The global search bar, also called the Search All function, is a good area to start exploring genes, mRNA, and proteins within GeneNetwork. To best use this new tool, use standard gene symbols containing more than two characters in the name.
Similarly, by using the dropdown menu on the left (Figure 1), a user can switch to phenotypes, and search for any phenotype of interest in the same way.
Another area to acquire data is the Select and search pull-down menus (Figure 2). To get started, the user has to choose a population of interest. GeneNetwork contains data from a wide range of species, from humans to soybeans, but most of the available phenotypic data is from mice. Within the mouse dataset there are groups of families, crosses, non-genetic groupings, and individual data. The type of dataset must be selected after defining the species and sample population. While genotypes, mRNA, methylated DNA, protein, metagenomic, and metabolome datasets are available (i.e. molecular omics phenotypes), the simplest starting point is the phenotype dataset.
Select and search menus make it simple to access a database of phenotype, omics, and genotype data for humans and plant and animal populations and families. For the purposes of this primer, the Mouse BXD family (2A) Phenotypes (2B) is selected. The Make Default button (2C) allows users to ‘lock in’ their choice of search criteria, immediately returning to the same dataset the next time GN is opened.

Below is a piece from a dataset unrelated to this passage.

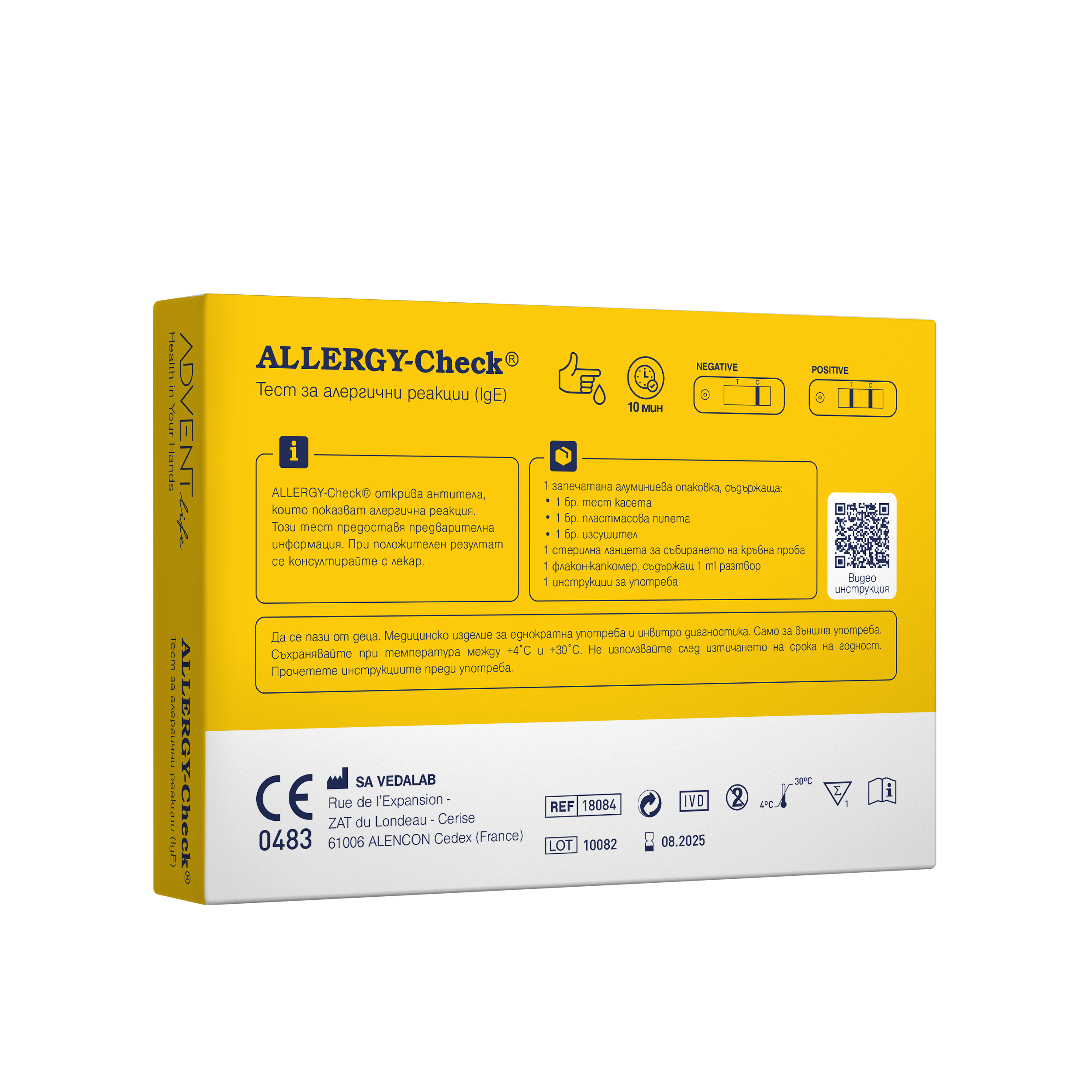 Allergy-Check® е скринингов имунодиагностичен тест за домашна употреба, който отчита повишено ниво на IgE в кръвна проба от пръста. Резултатът показва общата алергична чувствителност и може да насочи към по-нататъшни изследвания.

We will use the BXD family (Figure 2A)(Ashbrook et al., 2019), for this demonstration, as it has the largest phenome group of over 7000 phenotypes collected over 40 years (Figure 2B), as well as over 100 omics datasets, allowing the broadest systems genetics analysis. They have the advantage of each genome being infinitely replicable, unlike F2 or outbred populations, where each individual represents a unique genome.

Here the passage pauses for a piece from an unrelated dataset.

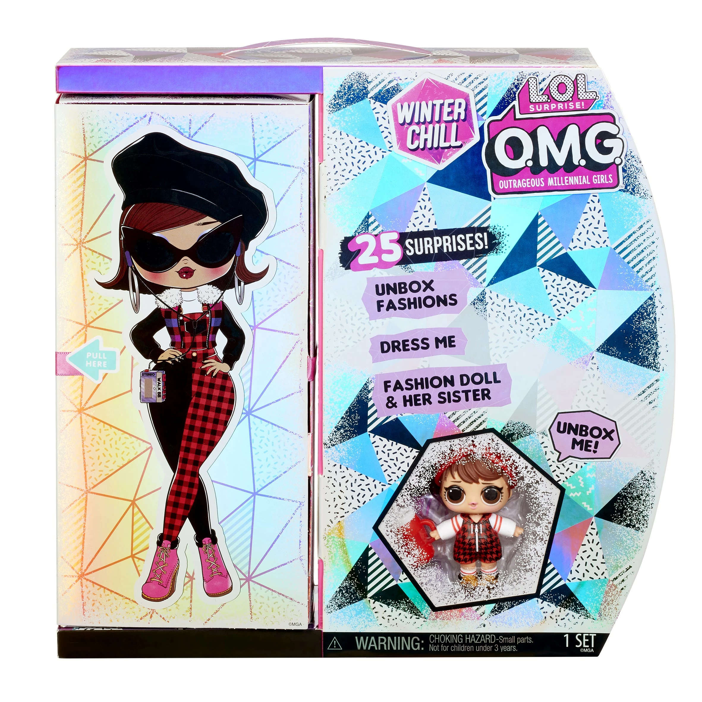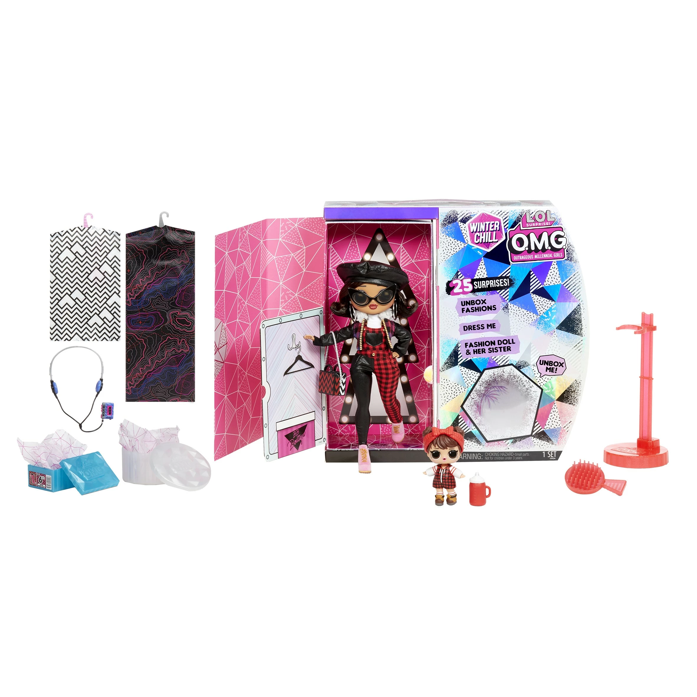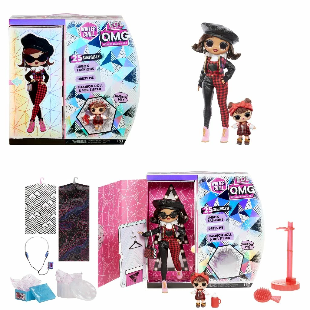 Pak 25 verrassingen uit, inclusief een L.O.L. Surprise! O.M.G. Winter Chill-modepop Camp Cutie en haar zusje Babe in the Woods Camp Cutie heeft een gedetailleerd gezichtje, prachtig haar en haar eigen knusse stijl. Ze is de grote zus van het favoriete L.O.L. Surprise!-personage Babe in the Woods, dat ook is inbegrepen. De poppen bieden een compleet unieke uitpakervaring in een verpakking met Winter Chill-thema. Open de zijkant om je modepop uit te pakken en verrassingen te onthullen. Camp Cutie’s modieuze kleding wordt bewaard in kledingzakken, haar schoenen zitten in een schoenendoos en haar accessoires in haar hoedendoos. Haal het ijzige silhouet weg om haar afbeelding te onthullen. Zoek het lint en trek eraan om Camp Cutie om te draaien en haar biografie te lezen. Onthul dan Camp Cutie in haar kleedkamer. Zet haar in een fotogenieke pose op de poppenstandaard om met haar te pronken. De verpakking wordt een herbruikbare speelset met kleedkamer en relaxzone. Geschikt voor kinderen vanaf 4 jaar.

Figure 2 shows the available input fields using the Search function. The first search field is for an ‘any’ search, whereas the second is for an ‘all’ search. For example, let us imagine that we are interested in the regulation of the immune system. Once the user has found the appropriate search parameters for their study, they can also lock that selection by choosing the Make Default button (Figure 2C). To gather a broad collection of phenotypes, we could fill the Get Any with ‘inflammation immunity infection cytokines’ and this will search for any phenotype description which contains the word inflammation OR the word immunity OR the word infection OR the word cytokines (over 240 entries in June 2020). If, on the other hand, we are only interested in cytokines from T cells, we can use the Combined search box with ‘T cell cytokine’, which will find any phenotype where the description contains the word ‘T’ AND the word ‘cell’ AND the word ‘cytokine’ (12 entries in June 2020).

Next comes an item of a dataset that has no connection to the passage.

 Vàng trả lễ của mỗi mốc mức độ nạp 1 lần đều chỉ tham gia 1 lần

Taking this second search as our example, the user must decide which of the phenotypes are relevant to their interest. The initial search produces a records table (Figure 3). This table displays the record ID, a brief description of the project or publication, the authors of the dataset, the year it was published, as well as LRS information. The maximum LRS value will indicate if there is a locus within the BXD family of mice which influences that phenotype. The table also indicates where the maximum LRS value is found within the genome, specifically the location of the marker with the strongest linkage to the phenotype. In Figure 3A, we have selected the phenotype with the highest LRS value.
The search results table supplies the necessary information to continue the search for QTLs. Record number, description of the study, authors, year and LRS information are listed to help narrow down possible genetic targets. The table can be sorted by any of these columns, by clicking on the arrow next to the column title. The record ID of interest for this study is 3A, as it has the highest LRS value. 3B highlights the boxes that can be selected in order to form a trait collection.
Another powerful feature of GeneNetwork is the ability to create and analyze whole collections of data. In Figure 3 there are boxes within the table that can be selected in order to form a trait collection. To do this, select the boxes in the table that suit the interests of the study, and press Add. This function allows groups of traits to be saved for later analysis such as the generation of a QTL, a network graph, and correlation matrix, some of which will be investigated further in this guide.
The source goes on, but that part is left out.